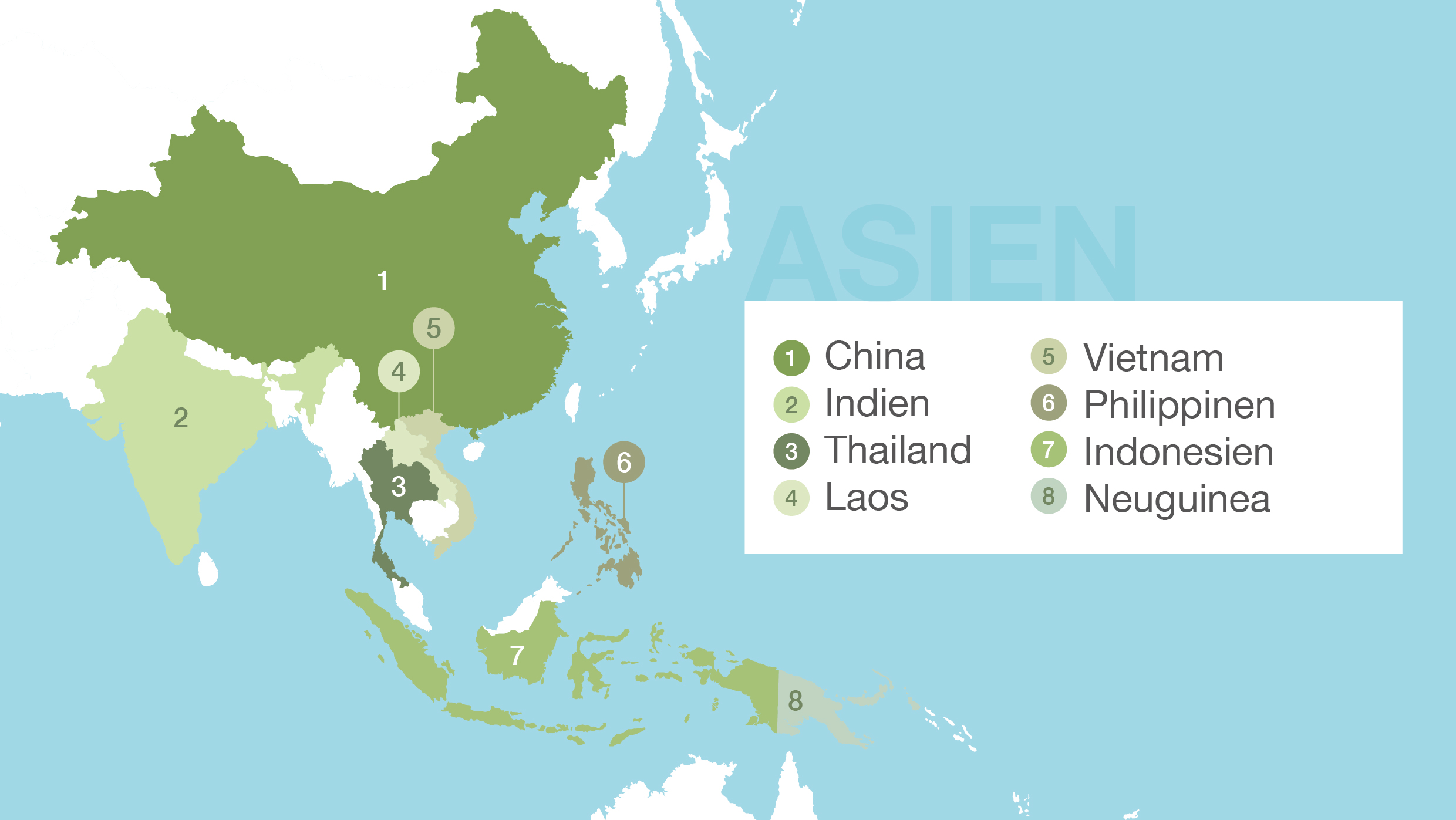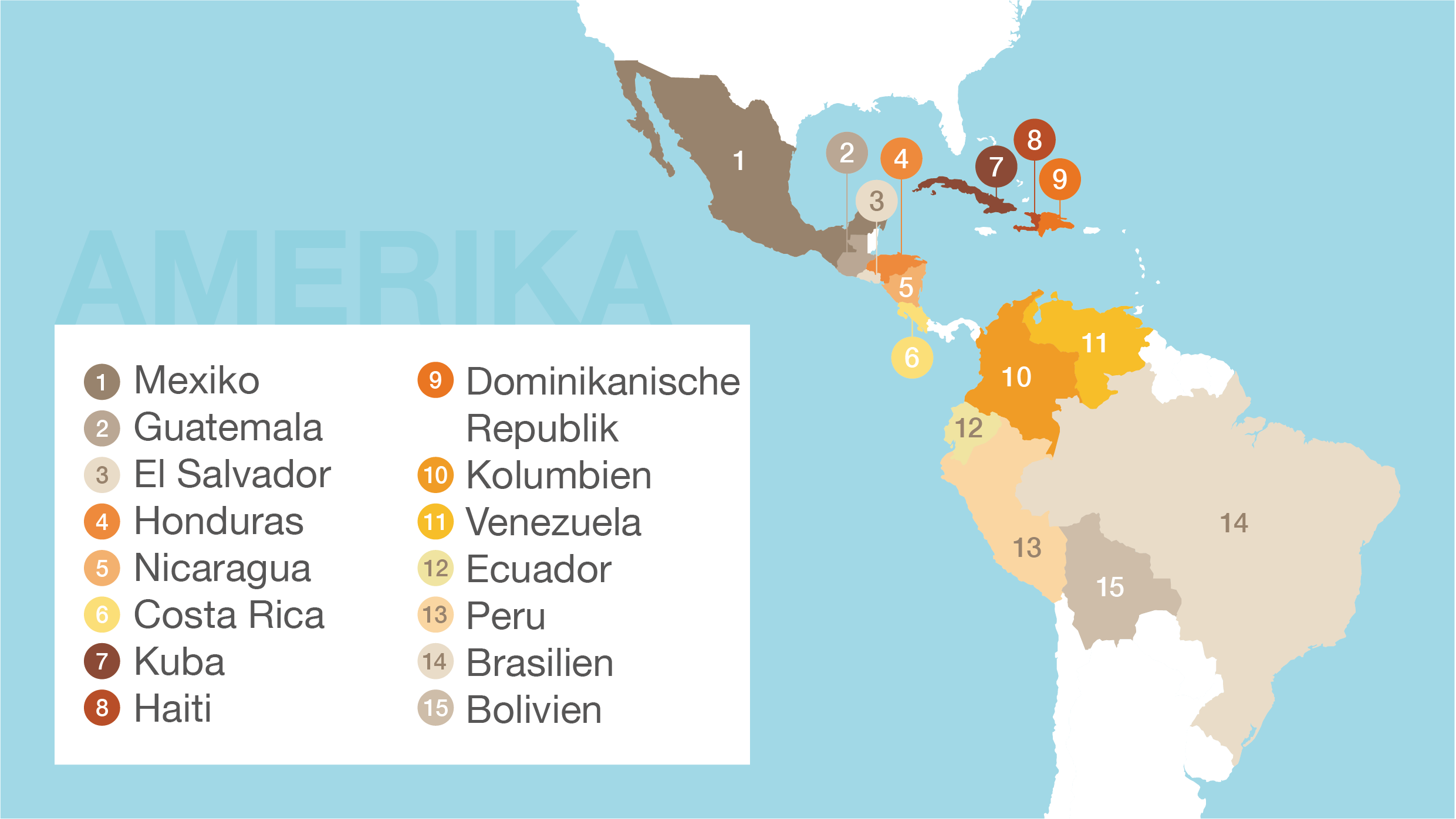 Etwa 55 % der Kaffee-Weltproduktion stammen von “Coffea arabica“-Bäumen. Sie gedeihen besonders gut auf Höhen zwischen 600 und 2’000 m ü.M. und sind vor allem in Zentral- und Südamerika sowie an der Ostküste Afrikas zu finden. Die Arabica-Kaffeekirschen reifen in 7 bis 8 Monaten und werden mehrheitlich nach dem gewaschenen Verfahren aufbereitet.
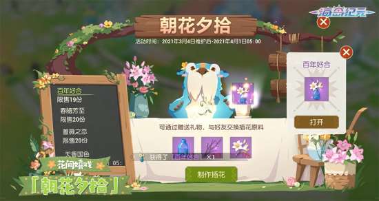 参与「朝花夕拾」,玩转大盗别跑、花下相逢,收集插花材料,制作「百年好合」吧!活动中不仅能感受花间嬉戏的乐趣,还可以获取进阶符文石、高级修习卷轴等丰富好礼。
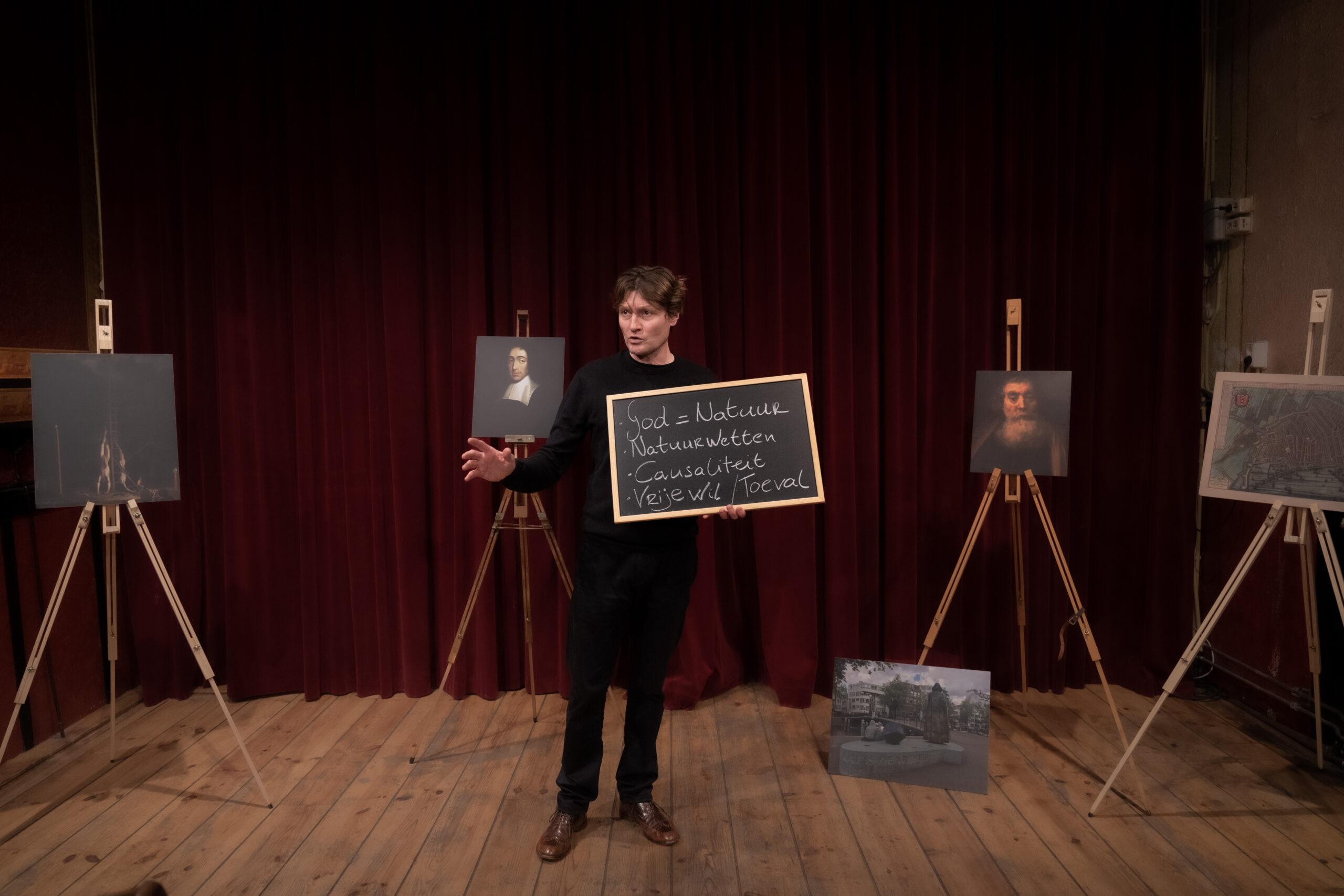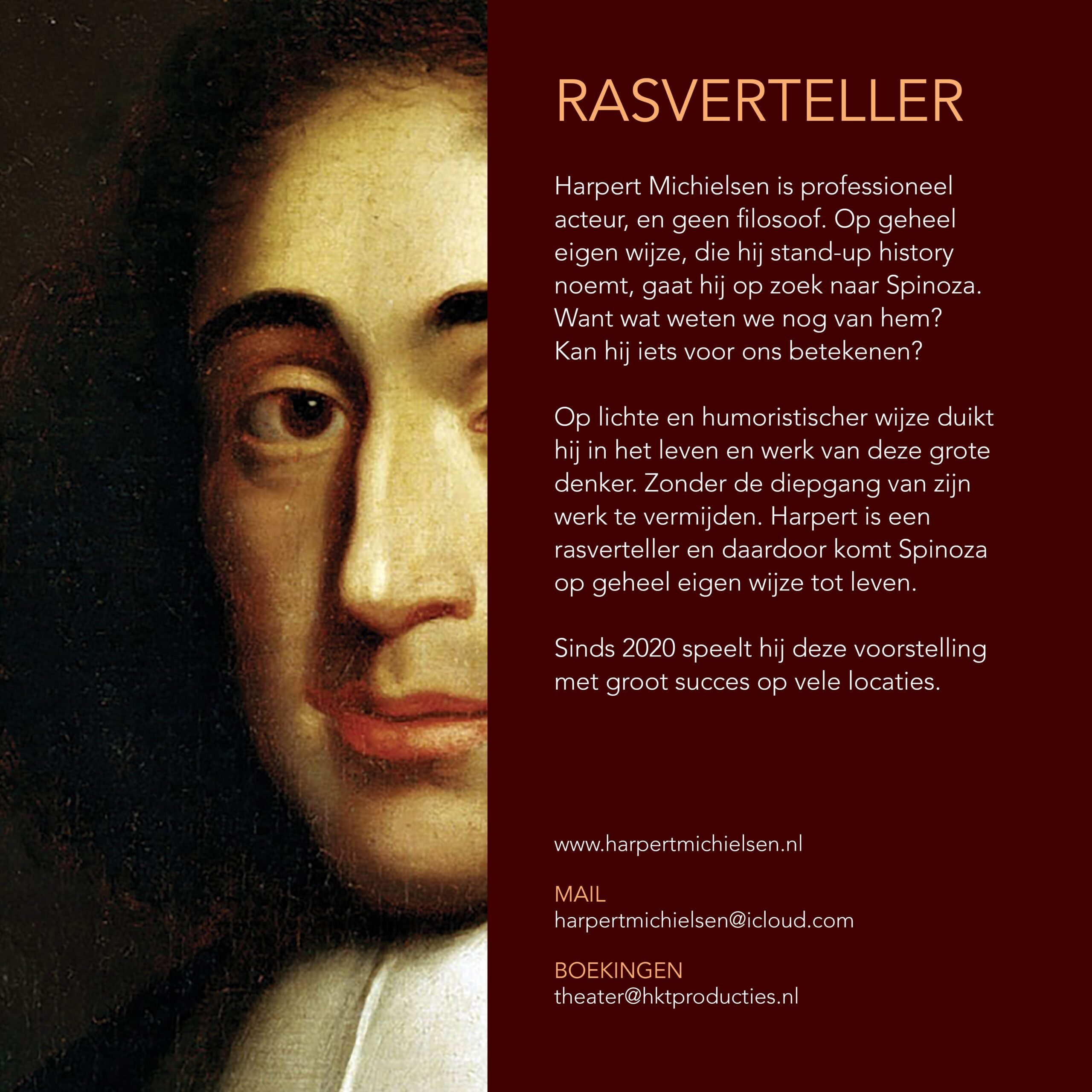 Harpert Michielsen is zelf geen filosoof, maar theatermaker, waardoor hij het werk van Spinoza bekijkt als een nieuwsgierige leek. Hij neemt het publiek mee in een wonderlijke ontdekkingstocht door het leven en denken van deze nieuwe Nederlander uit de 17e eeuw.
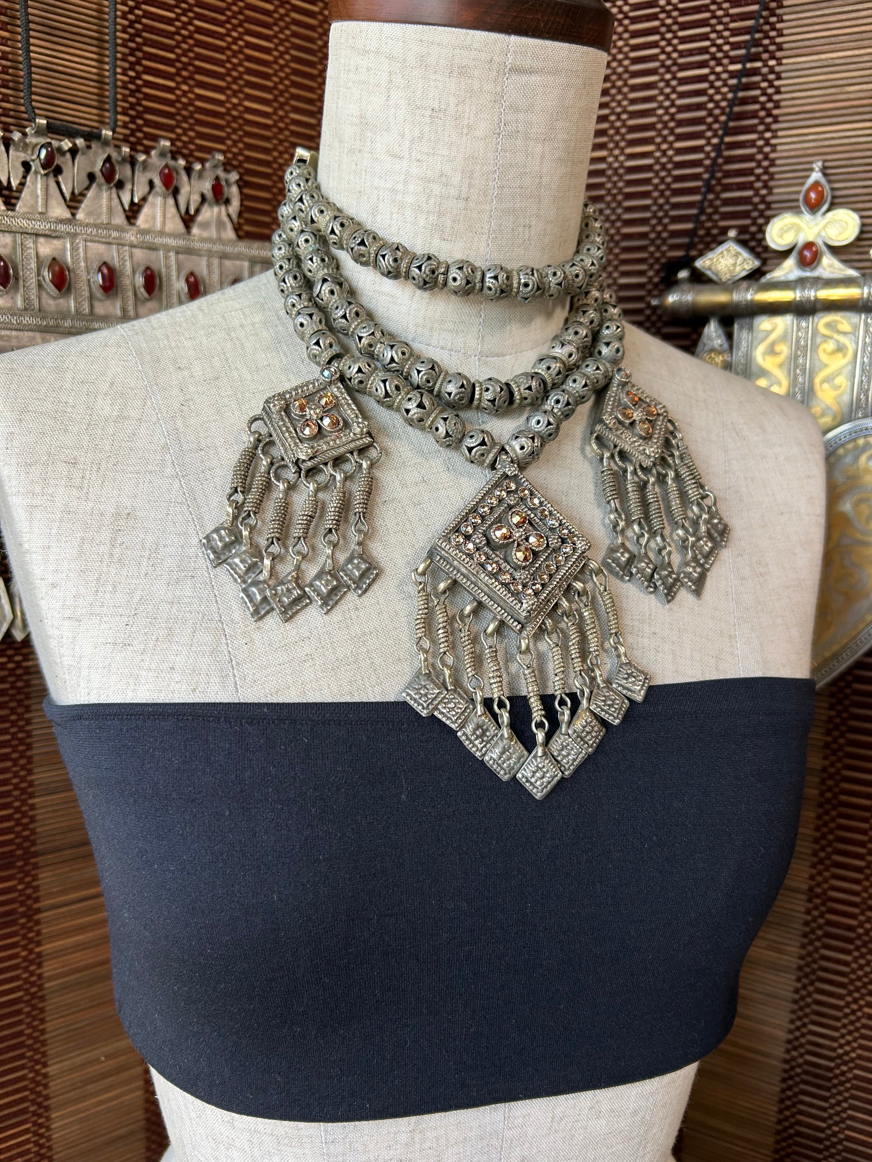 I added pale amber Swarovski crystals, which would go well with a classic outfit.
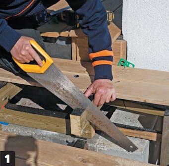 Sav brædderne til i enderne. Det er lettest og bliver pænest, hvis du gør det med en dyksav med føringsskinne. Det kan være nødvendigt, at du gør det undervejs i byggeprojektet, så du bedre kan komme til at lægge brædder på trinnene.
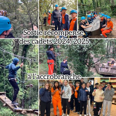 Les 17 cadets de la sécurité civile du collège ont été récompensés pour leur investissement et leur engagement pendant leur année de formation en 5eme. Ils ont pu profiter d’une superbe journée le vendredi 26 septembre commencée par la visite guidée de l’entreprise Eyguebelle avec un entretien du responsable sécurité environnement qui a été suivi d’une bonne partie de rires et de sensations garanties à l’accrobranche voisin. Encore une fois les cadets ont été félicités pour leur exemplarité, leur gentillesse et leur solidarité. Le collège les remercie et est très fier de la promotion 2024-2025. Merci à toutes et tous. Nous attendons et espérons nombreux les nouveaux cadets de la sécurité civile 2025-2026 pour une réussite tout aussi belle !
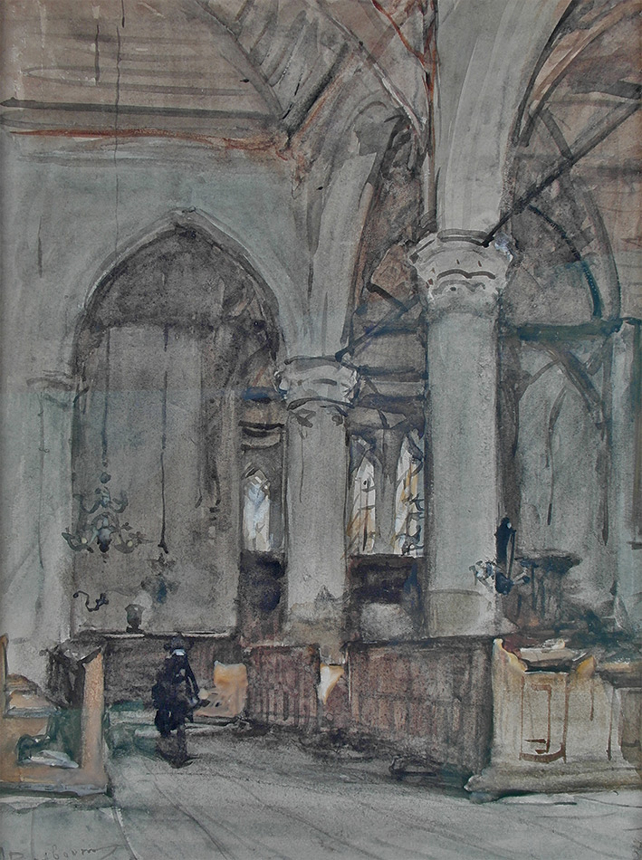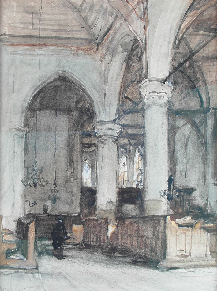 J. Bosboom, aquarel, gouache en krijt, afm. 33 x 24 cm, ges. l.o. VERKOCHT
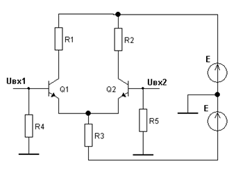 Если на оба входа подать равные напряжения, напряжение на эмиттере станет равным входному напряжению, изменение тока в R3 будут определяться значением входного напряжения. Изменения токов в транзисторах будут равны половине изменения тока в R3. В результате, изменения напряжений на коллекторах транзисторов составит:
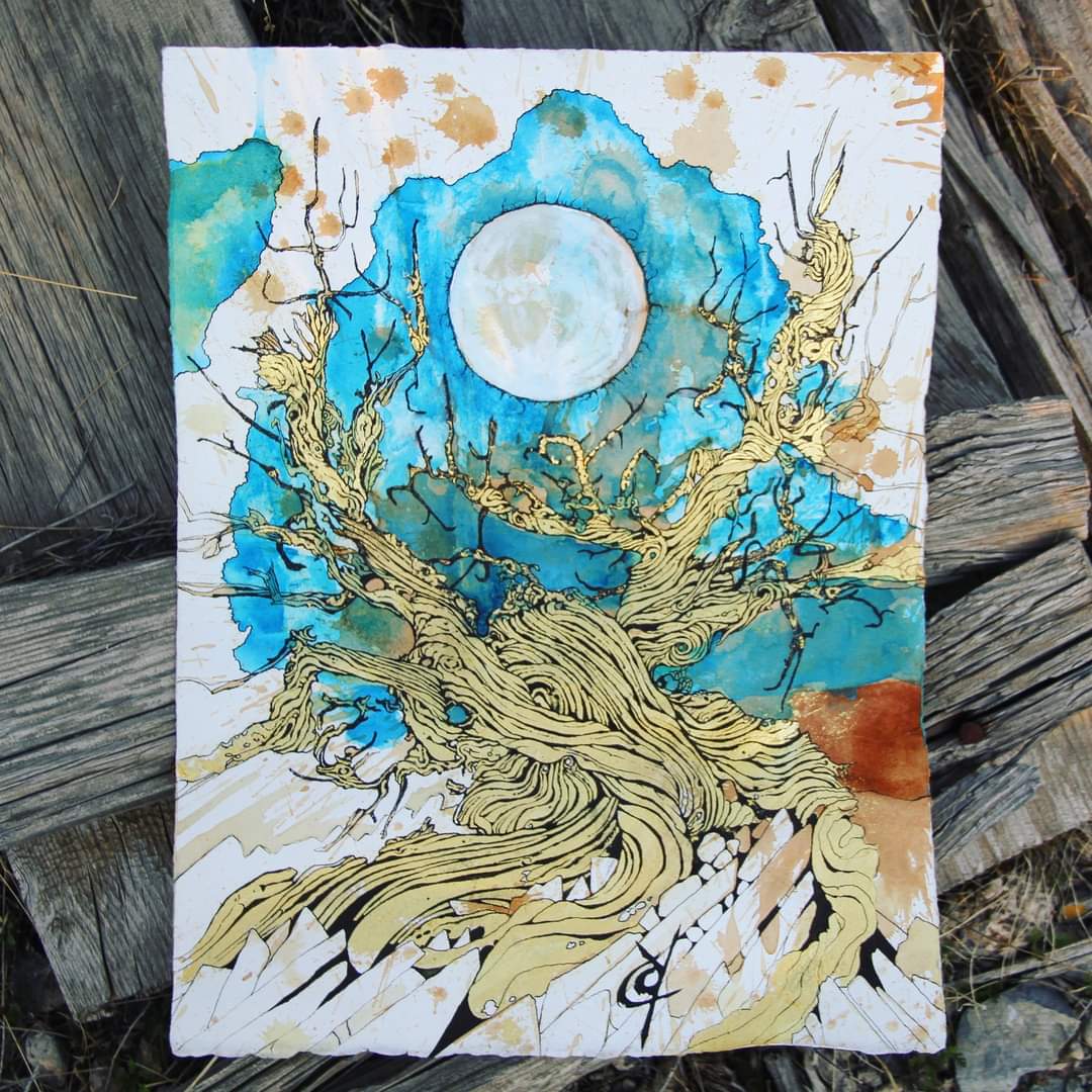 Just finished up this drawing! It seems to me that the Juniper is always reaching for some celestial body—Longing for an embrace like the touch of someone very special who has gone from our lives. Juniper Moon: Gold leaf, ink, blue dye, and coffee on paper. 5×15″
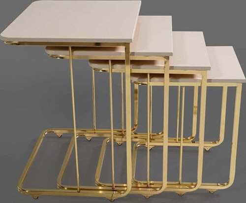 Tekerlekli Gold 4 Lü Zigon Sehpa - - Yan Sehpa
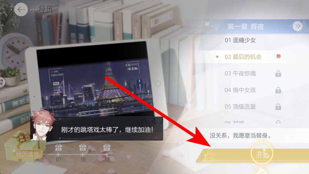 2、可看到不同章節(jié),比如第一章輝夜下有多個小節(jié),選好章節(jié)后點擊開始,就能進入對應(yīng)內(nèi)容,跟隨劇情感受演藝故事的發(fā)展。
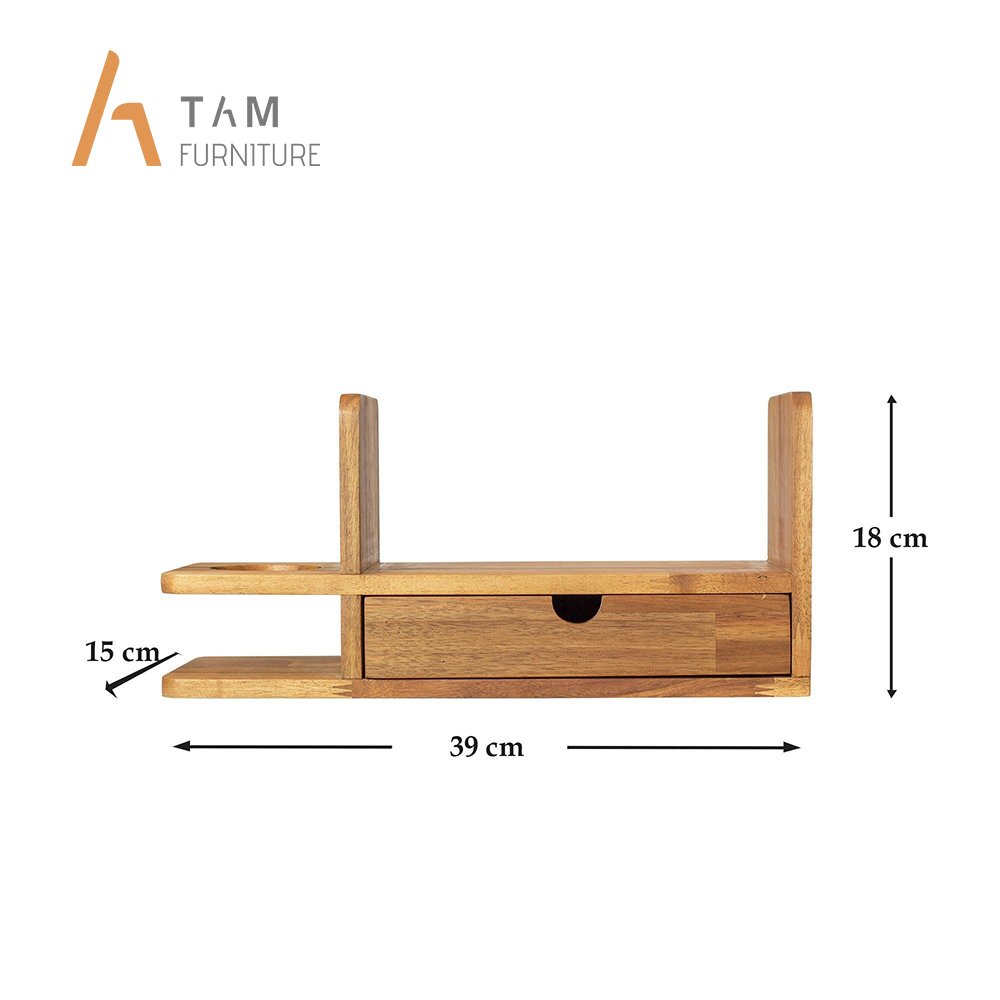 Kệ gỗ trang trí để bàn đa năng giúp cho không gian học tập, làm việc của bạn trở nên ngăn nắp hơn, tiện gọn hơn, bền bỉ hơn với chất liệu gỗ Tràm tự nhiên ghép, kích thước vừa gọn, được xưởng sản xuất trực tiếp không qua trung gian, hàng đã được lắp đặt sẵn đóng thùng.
+===+
# [REQUIRED WORK]
Everything in the material above is to be reproduced exactly, pictures aside.

# [ANSWER SECTION]
 Etwa 55 % der Kaffee-Weltproduktion stammen von “Coffea arabica“-Bäumen. Sie gedeihen besonders gut auf Höhen zwischen 600 und 2’000 m ü.M. und sind vor allem in Zentral- und Südamerika sowie an der Ostküste Afrikas zu finden. Die Arabica-Kaffeekirschen reifen in 7 bis 8 Monaten und werden mehrheitlich nach dem gewaschenen Verfahren aufbereitet.
 参与「朝花夕拾」,玩转大盗别跑、花下相逢,收集插花材料,制作「百年好合」吧!活动中不仅能感受花间嬉戏的乐趣,还可以获取进阶符文石、高级修习卷轴等丰富好礼。
 Harpert Michielsen is zelf geen filosoof, maar theatermaker, waardoor hij het werk van Spinoza bekijkt als een nieuwsgierige leek. Hij neemt het publiek mee in een wonderlijke ontdekkingstocht door het leven en denken van deze nieuwe Nederlander uit de 17e eeuw.
 I added pale amber Swarovski crystals, which would go well with a classic outfit.
 Sav brædderne til i enderne. Det er lettest og bliver pænest, hvis du gør det med en dyksav med føringsskinne. Det kan være nødvendigt, at du gør det undervejs i byggeprojektet, så du bedre kan komme til at lægge brædder på trinnene.
 Les 17 cadets de la sécurité civile du collège ont été récompensés pour leur investissement et leur engagement pendant leur année de formation en 5eme. Ils ont pu profiter d’une superbe journée le vendredi 26 septembre commencée par la visite guidée de l’entreprise Eyguebelle avec un entretien du responsable sécurité environnement qui a été suivi d’une bonne partie de rires et de sensations garanties à l’accrobranche voisin. Encore une fois les cadets ont été félicités pour leur exemplarité, leur gentillesse et leur solidarité. Le collège les remercie et est très fier de la promotion 2024-2025. Merci à toutes et tous. Nous attendons et espérons nombreux les nouveaux cadets de la sécurité civile 2025-2026 pour une réussite tout aussi belle !
 J. Bosboom, aquarel, gouache en krijt, afm. 33 x 24 cm, ges. l.o. VERKOCHT
 Если на оба входа подать равные напряжения, напряжение на эмиттере станет равным входному напряжению, изменение тока в R3 будут определяться значением входного напряжения. Изменения токов в транзисторах будут равны половине изменения тока в R3. В результате, изменения напряжений на коллекторах транзисторов составит:
 Just finished up this drawing! It seems to me that the Juniper is always reaching for some celestial body—Longing for an embrace like the touch of someone very special who has gone from our lives. Juniper Moon: Gold leaf, ink, blue dye, and coffee on paper. 5×15″
 Tekerlekli Gold 4 Lü Zigon Sehpa - - Yan Sehpa
 2、可看到不同章節(jié),比如第一章輝夜下有多個小節(jié),選好章節(jié)后點擊開始,就能進入對應(yīng)內(nèi)容,跟隨劇情感受演藝故事的發(fā)展。
 Kệ gỗ trang trí để bàn đa năng giúp cho không gian học tập, làm việc của bạn trở nên ngăn nắp hơn, tiện gọn hơn, bền bỉ hơn với chất liệu gỗ Tràm tự nhiên ghép, kích thước vừa gọn, được xưởng sản xuất trực tiếp không qua trung gian, hàng đã được lắp đặt sẵn đóng thùng.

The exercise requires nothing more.